[Material for the task Boundary: Start]
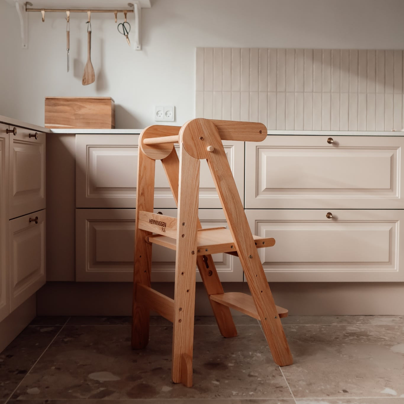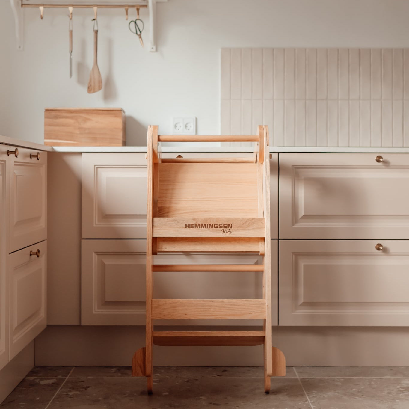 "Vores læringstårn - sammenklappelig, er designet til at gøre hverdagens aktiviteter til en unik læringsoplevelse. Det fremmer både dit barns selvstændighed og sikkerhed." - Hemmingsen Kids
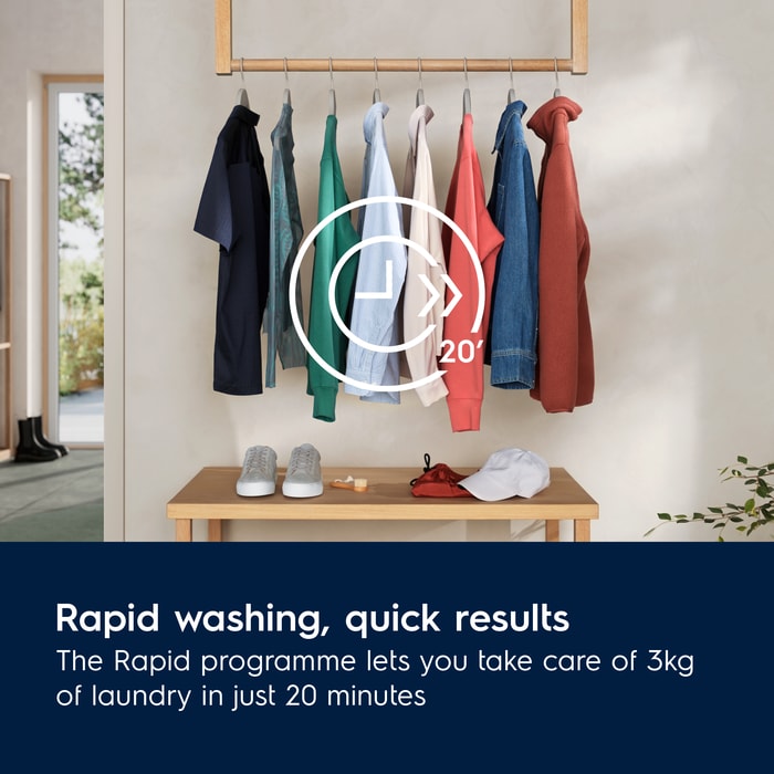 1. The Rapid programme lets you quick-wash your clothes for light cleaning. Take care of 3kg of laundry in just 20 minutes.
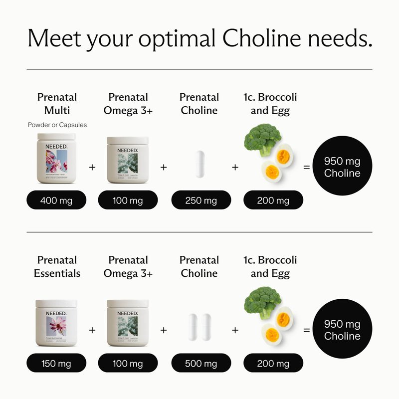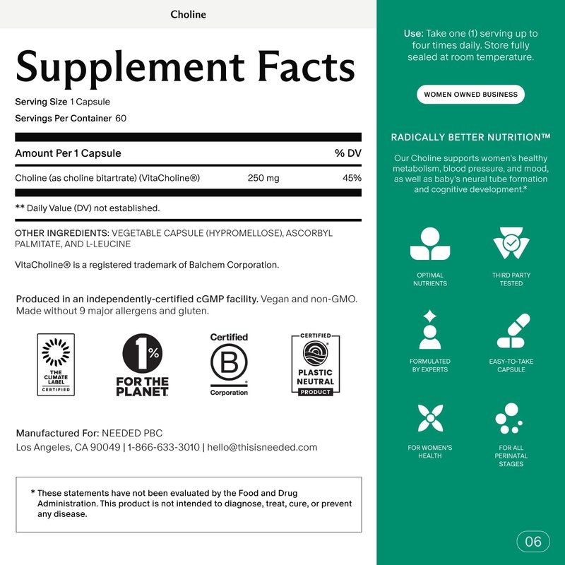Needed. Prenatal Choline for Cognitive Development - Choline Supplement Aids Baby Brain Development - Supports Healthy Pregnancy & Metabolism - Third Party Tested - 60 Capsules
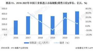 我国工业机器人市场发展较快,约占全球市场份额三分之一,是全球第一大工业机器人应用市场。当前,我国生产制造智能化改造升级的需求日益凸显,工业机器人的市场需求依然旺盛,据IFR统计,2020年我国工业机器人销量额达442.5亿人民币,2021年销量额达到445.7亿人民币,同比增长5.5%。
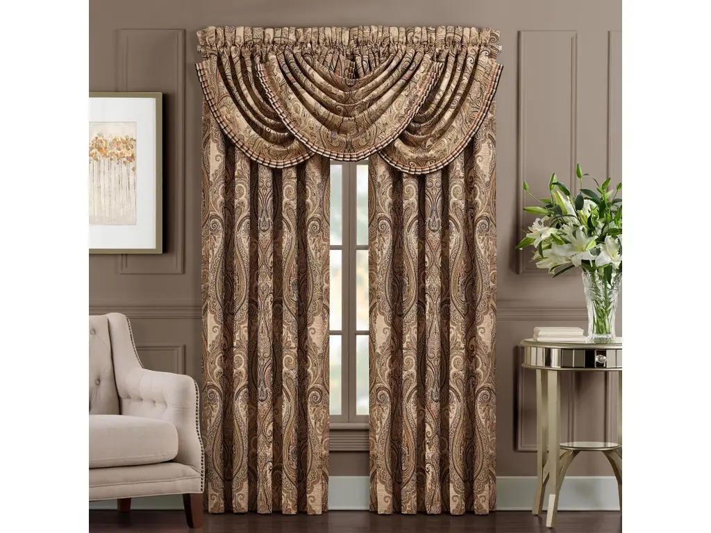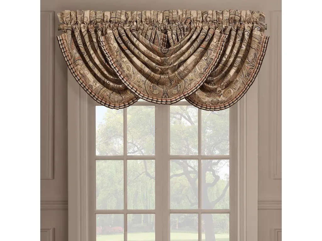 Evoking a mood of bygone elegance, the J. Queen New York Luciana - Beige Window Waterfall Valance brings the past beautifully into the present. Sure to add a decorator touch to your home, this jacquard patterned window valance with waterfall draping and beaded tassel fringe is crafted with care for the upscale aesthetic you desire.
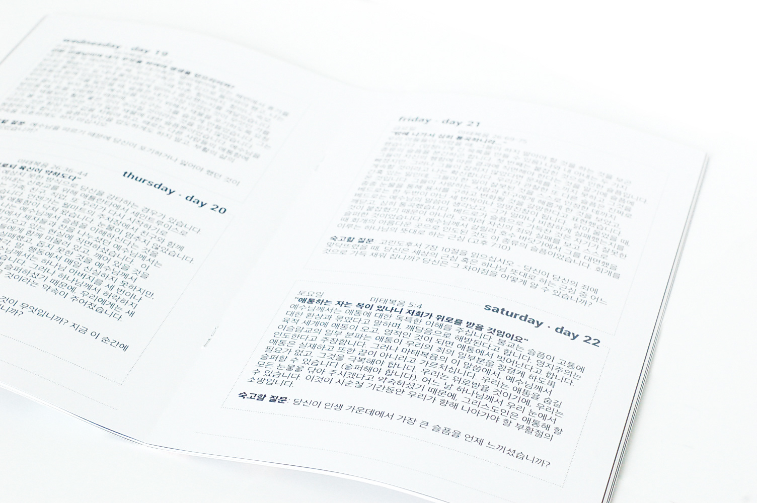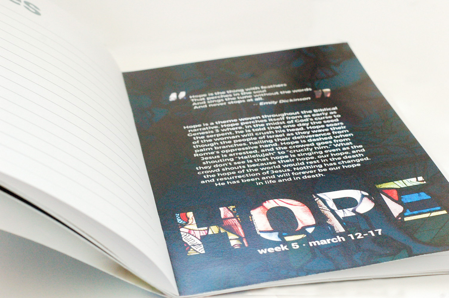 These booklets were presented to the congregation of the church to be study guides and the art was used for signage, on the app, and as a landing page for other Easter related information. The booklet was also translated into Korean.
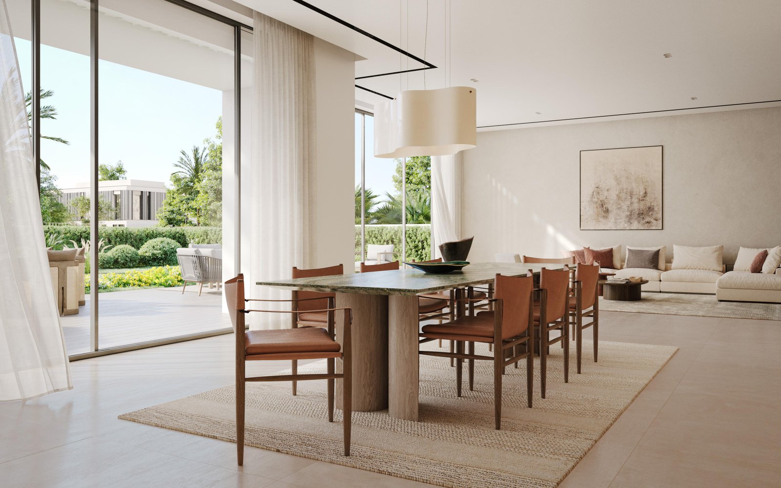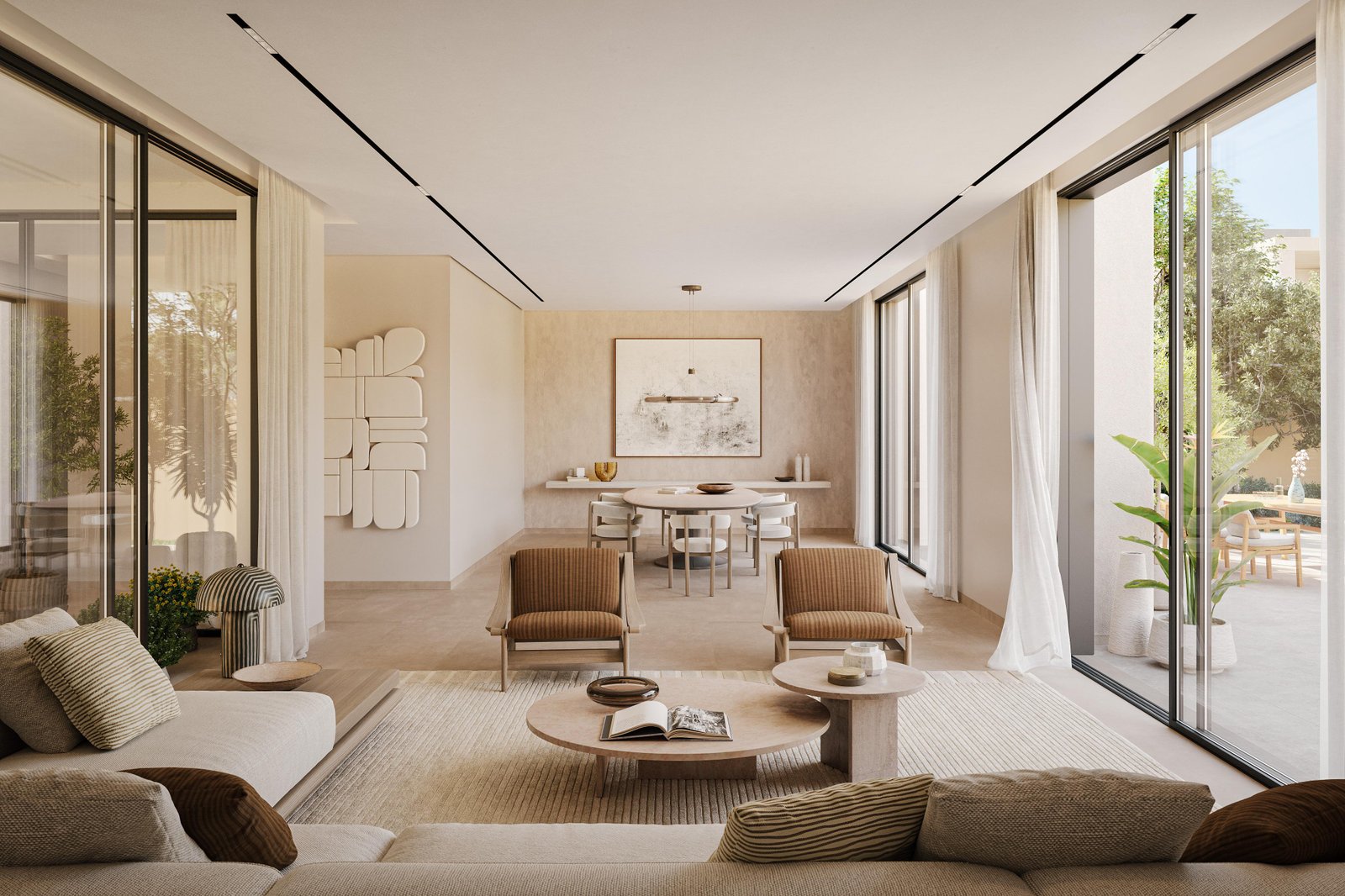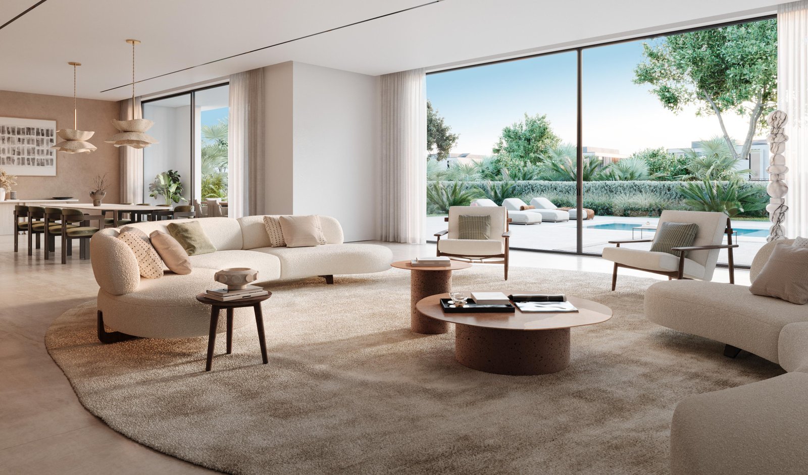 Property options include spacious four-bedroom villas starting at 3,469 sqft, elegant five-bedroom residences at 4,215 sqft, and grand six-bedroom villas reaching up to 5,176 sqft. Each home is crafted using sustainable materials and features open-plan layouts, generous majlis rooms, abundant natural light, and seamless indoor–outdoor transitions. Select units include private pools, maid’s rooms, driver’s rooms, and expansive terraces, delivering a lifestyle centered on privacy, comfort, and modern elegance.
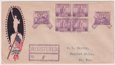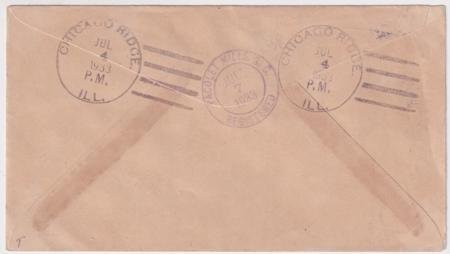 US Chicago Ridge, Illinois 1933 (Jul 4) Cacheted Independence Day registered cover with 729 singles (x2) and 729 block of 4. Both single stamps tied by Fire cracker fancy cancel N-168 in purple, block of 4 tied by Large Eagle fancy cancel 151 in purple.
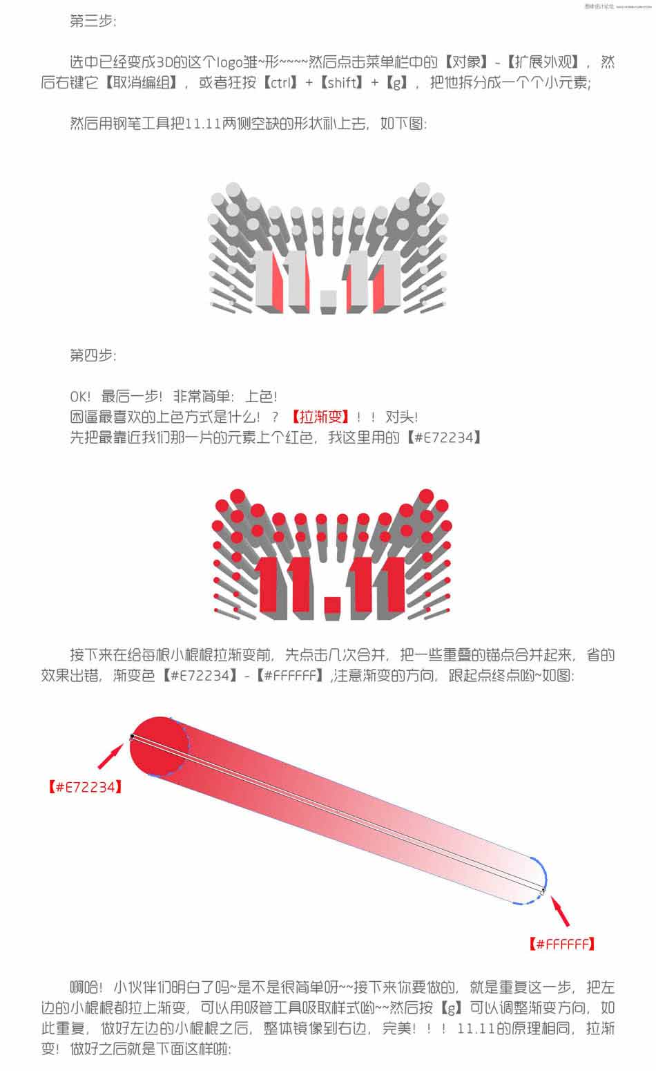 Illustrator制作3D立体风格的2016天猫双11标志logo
[Material for the task Boundary: End]
Your reply should repeat the entries above exactly, leaving the pictures out.

__Answer space__:
 "Vores læringstårn - sammenklappelig, er designet til at gøre hverdagens aktiviteter til en unik læringsoplevelse. Det fremmer både dit barns selvstændighed og sikkerhed." - Hemmingsen Kids
 1. The Rapid programme lets you quick-wash your clothes for light cleaning. Take care of 3kg of laundry in just 20 minutes.
Needed. Prenatal Choline for Cognitive Development - Choline Supplement Aids Baby Brain Development - Supports Healthy Pregnancy & Metabolism - Third Party Tested - 60 Capsules
 我国工业机器人市场发展较快,约占全球市场份额三分之一,是全球第一大工业机器人应用市场。当前,我国生产制造智能化改造升级的需求日益凸显,工业机器人的市场需求依然旺盛,据IFR统计,2020年我国工业机器人销量额达442.5亿人民币,2021年销量额达到445.7亿人民币,同比增长5.5%。
 Evoking a mood of bygone elegance, the J. Queen New York Luciana - Beige Window Waterfall Valance brings the past beautifully into the present. Sure to add a decorator touch to your home, this jacquard patterned window valance with waterfall draping and beaded tassel fringe is crafted with care for the upscale aesthetic you desire.
 These booklets were presented to the congregation of the church to be study guides and the art was used for signage, on the app, and as a landing page for other Easter related information. The booklet was also translated into Korean.
 Property options include spacious four-bedroom villas starting at 3,469 sqft, elegant five-bedroom residences at 4,215 sqft, and grand six-bedroom villas reaching up to 5,176 sqft. Each home is crafted using sustainable materials and features open-plan layouts, generous majlis rooms, abundant natural light, and seamless indoor–outdoor transitions. Select units include private pools, maid’s rooms, driver’s rooms, and expansive terraces, delivering a lifestyle centered on privacy, comfort, and modern elegance.
 US Chicago Ridge, Illinois 1933 (Jul 4) Cacheted Independence Day registered cover with 729 singles (x2) and 729 block of 4. Both single stamps tied by Fire cracker fancy cancel N-168 in purple, block of 4 tied by Large Eagle fancy cancel 151 in purple.
 Illustrator制作3D立体风格的2016天猫双11标志logo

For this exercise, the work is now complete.